Short answer
The function $h(X)=X$ is used for the GMM because it is equivalent to the OLS estimator, which by the Gauss–Markov theorem is the best linear unbiased estimator.
The details
We start with some notation to avoid any confusion with rows and columns:
\begin{equation*}
X =
\begin{bmatrix}
x_{11} & \ldots & x_{1p} \\
\vdots & \ddots & \vdots\\
x_{n1} & \ldots & x_{np}
\end{bmatrix}
,\;\bar{y} =
\begin{bmatrix}
y_1 \\
\vdots\\
y_n
\end{bmatrix}
,\;\bar{\beta} =
\begin{bmatrix}
\beta_1 \\
\vdots\\
\beta_p
\end{bmatrix}
,\;\bar{\epsilon} =
\begin{bmatrix}
\epsilon_1 \\
\vdots\\
\epsilon_n
\end{bmatrix}
\end{equation*}
We assume that $X$ has full column rank.
Taking $h(X) = X$, the GMM conditions are
\begin{equation}
E\left[
\begin{bmatrix}
x_{j1} & \cdots & x_{jn}
\end{bmatrix}
\begin{bmatrix}
\epsilon_1 \\
\vdots\\
\epsilon_n
\end{bmatrix}
\right]
= 0
\end{equation}
for $j \in \{1,\ldots,p\}$, i.e. the expected covariance of each column of $X$ with the errors is 0. We can put these $p$ conditions into one neat equation as follows:
\begin{equation}
E\left[ X^T\bar{\epsilon}\right] = \bar{0}
\end{equation}
(Here $\bar{0}$ denotes the zero vector.)

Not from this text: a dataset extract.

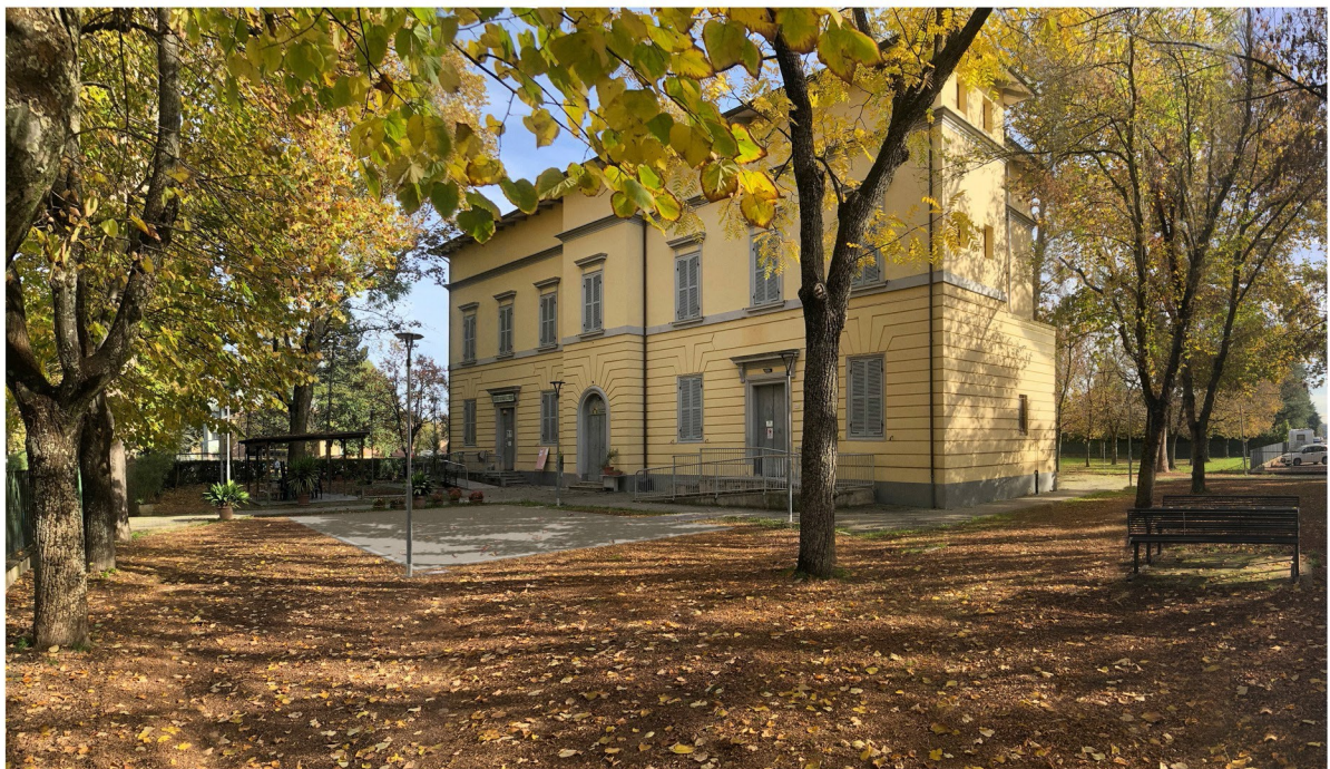
Immagine 3: soluzione di progetto

To find an estimate of $\bar{\beta}$ using the GMM, we need to minimise the sample estimate of $E\left[ X^T\bar{\epsilon}\right]$ with respect to $\bar{\beta}$, i.e. we need to find the value of $\bar{\beta}$ that minimises the norm of the following expression:
\begin{equation}
X^T\!\left(\bar{y} - X\bar{\beta}\right)
\end{equation}
Notice that $X\bar{\beta}$ is in the column space of $X$, since it is a linear combination of the columns of $X$. Also note that $X^T\!\left(\bar{y} - X\bar{\beta}\right) = \bar{0}$ if and only if $X\bar{\beta}$ is the projection of $\bar{y}$ on to the column space of $X$, since if $X\bar{\beta}$ is anything else in the column space of $X$, then the vector $\bar{y} - X\bar{\beta}$ isn't orthogonal to the column space and thus the dot products in the expression $X^T\!\left(\bar{y} - X\bar{\beta}\right)$ are not 0. The following diagram (taken from Wikipedia) illustrates this point:
We want to minimise $X^T\!\left(\bar{y} - X\bar{\beta}\right)$ with respect to $\bar{\beta}$, which is clearly achieved when $X^T\!\left(\bar{y} - X\bar{\beta}\right) = \bar{0}$. So we rearrange the equation $X^T\!\left(\bar{y} - X\bar{\beta}\right) = \bar{0}$ to find the necessary value of $\bar{\beta}$:
\begin{equation}
\bar{\beta} = \left(X^TX\right)^{-1}X^T\bar{y}
\end{equation}
But this is just the usual OLS estimator, which by the Gauss–Markov theorem is the best linear unbiased estimator.